Sunday, Aug 18, 2013 at 15:27
here you go, just what the doctor ordered, 474 acres for $160k in good old SA near Truro ,so you're not even remote

http://www.realestate.com.au/property-lifestyle-sa-truro-7566435
AnswerID: 516629

Reply By: Echucan Bob - Sunday, Aug 18, 2013 at 16:18

Sunday, Aug 18, 2013 at 16:18
Jane,

I had a property adjoining a national park in NSW, the idea being to help extend a wooded corridor through to the coast. I found that I was unable to spend the time needed for basic upkeep. But it was great to visit.

What I do, however, is contribute to Bush Heritage Australia who buy up marginal properties and rehabilitate them by destocking and feral eradication. They are able to afford big enough properties to make a worthwhile change. They are similar to the Australian Wildlife Conservancy mentioned above.

There are properties all over Australia, and they continue to acquire them. They plan to own 1% of Australia by 2025! I have visited several - contributors are always welcomed. I am visiting Naree to the north west of Bourke NSW in a couple of weeks.

I donate a fixed amount every month, but you can make bequests. I annoy friends and relatives (who mostly have everything they need already) by giving them trees, or a few hundred acres of bush instead of crap presents for Xmas, birthdays etc.
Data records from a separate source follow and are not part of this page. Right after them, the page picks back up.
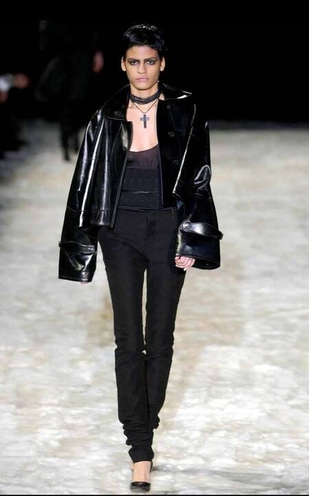 Ив Сен-Лоран впервые покорил подиум инновацией — демонстрация натуральной кожи, в далеком 1960-м году, возглавляя бренд Christian Dior. Его революционная коллекция «Beatnik», прозванная в честь бунтарской субкультуры того времени против традиций и классики моды, вызвала скандал среди элиты: смелость дизайнера встретили непониманием общественности, и как считают стало поводом для его увольнения из дома Dior.
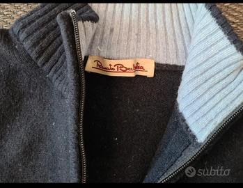 Maglione 100% lana Blu scuro, con colletto interno azzurro. Taglia L Mai indossato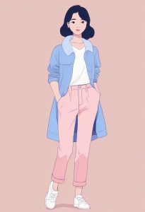 A high-quality vector illustration style full body image depicting a fashionable girl in a minimalist soft-cute outfit. She is smiling and standing full body, rendered in a Simple doodle style. Colors are a pastel color palette of gentle shades of pink lavender and baby blue. The image features soft rounded lines and minimal details. She exhibits an innocent playful expression and a lighthearted, charming aesthetic. Full body, minimal background.

If you love deserts then you will love Cravens Peak and Ethabuka on the eastern edge of the Simpson. You'll see things there that you'll never forget.

Bob
AnswerID: 516631

Follow Up By: Jane Brittain - Sunday, Aug 18, 2013 at 21:42

Sunday, Aug 18, 2013 at 21:42
Wicket I'm afraid remote is what I like, Truro is way too tame. I live in TennantCreek BTW. Still don't know what is wrong with a few pets properly fenced off. Echucan Bob Naree sounds good, I'm interested in that whole central region. I would love to go to the Simpson.